Theo’s reinvention of the logic off conditional statements’ proofs rooted in set-based reasoning
Summary: In this talk, I will share how one undergraduate student used set-based reasoning to reinvent logical principles related to conditional statements and their proofs. This learning occurred in a teaching experiment intended to foster abstraction of these logical relationships by comparing the predicate and inference structures among various proofs (in number theory and geometry). I will portray the progression of Theo’s set-based model from a model-of the truth of statements to a model-for logical relationships. I will connect this to our ongoing design efforts for teaching logic for proving.
Duration: 60 minutes
Format: Online seminar via Zoom web meeting software with questions and discussion. Detailed instructions for joining the seminar will be emailed to registered participants.

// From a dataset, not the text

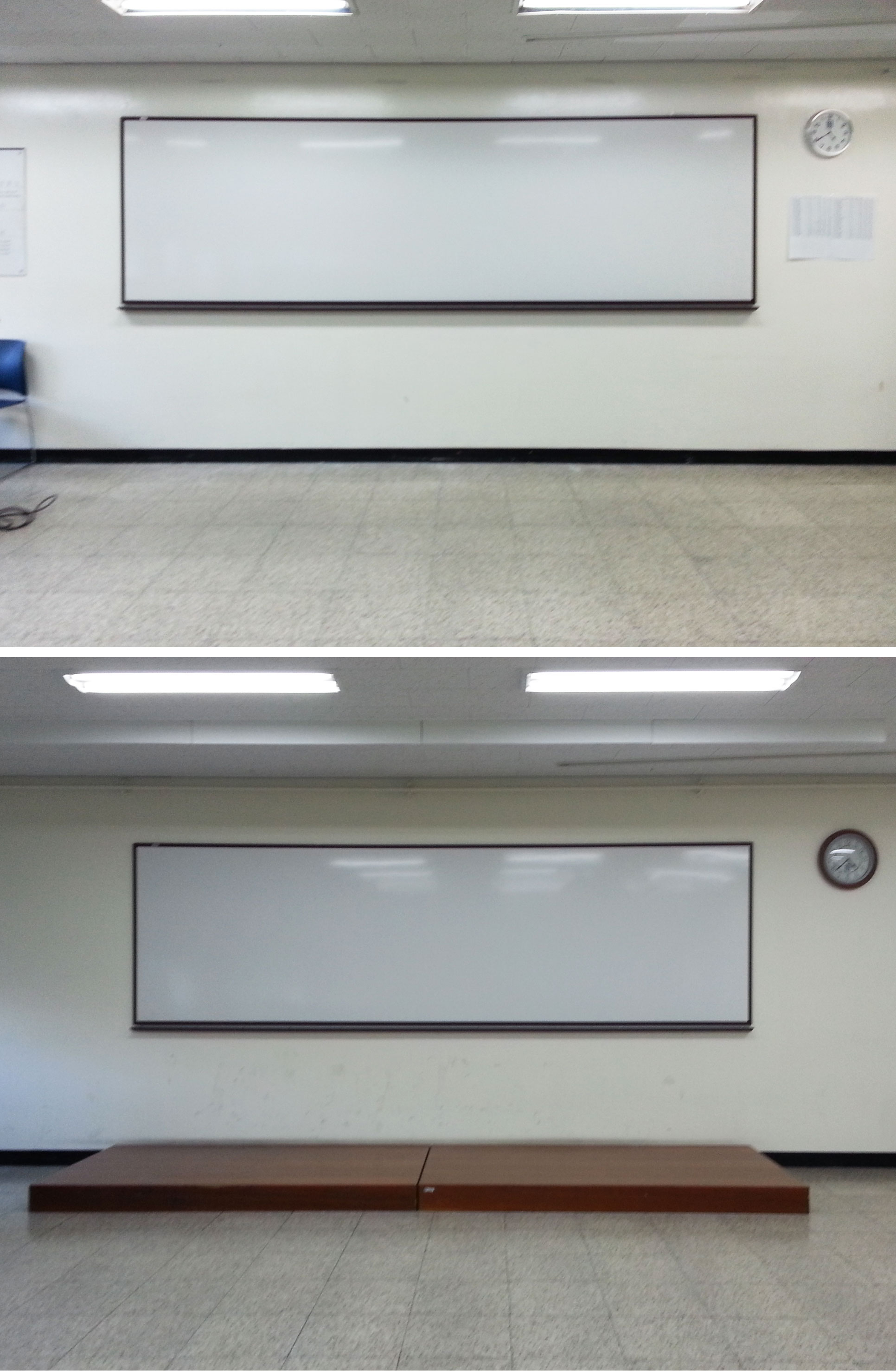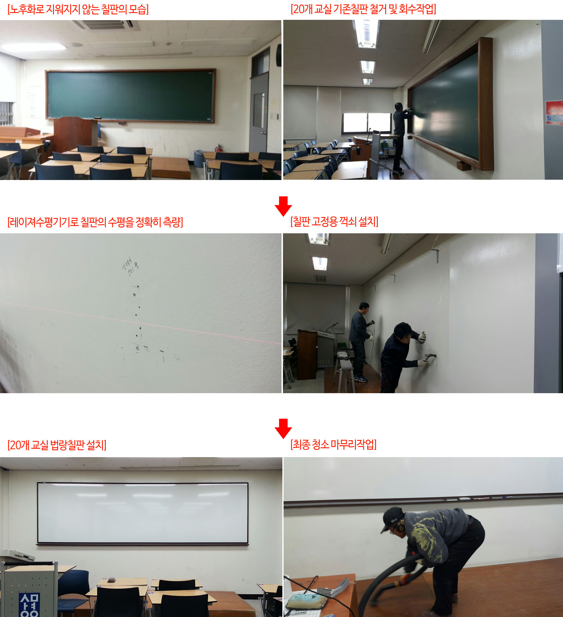 총20개 강의실의 기존칠판 철거 및 법랑칠판 설치, 최종 청소마무리까지의 작업을 사진으로 현장 스케치합니다.

Dr. Paul Dawkins is an associate professor of mathematics education in the Department of Mathematics at Texas State University. He studies the teaching and learning of proof-based mathematics at the undergraduate level. He focuses particularly on real analysis, geometry, and logic. His teaching experiments focus on modeling student thinking about mathematical proofs and developing teaching sequences and learning trajectories by which students can learn the epistemology of mathematical proving. He recently received the Selden Award for research in undergraduate mathematics education from the Mathematics Association of America.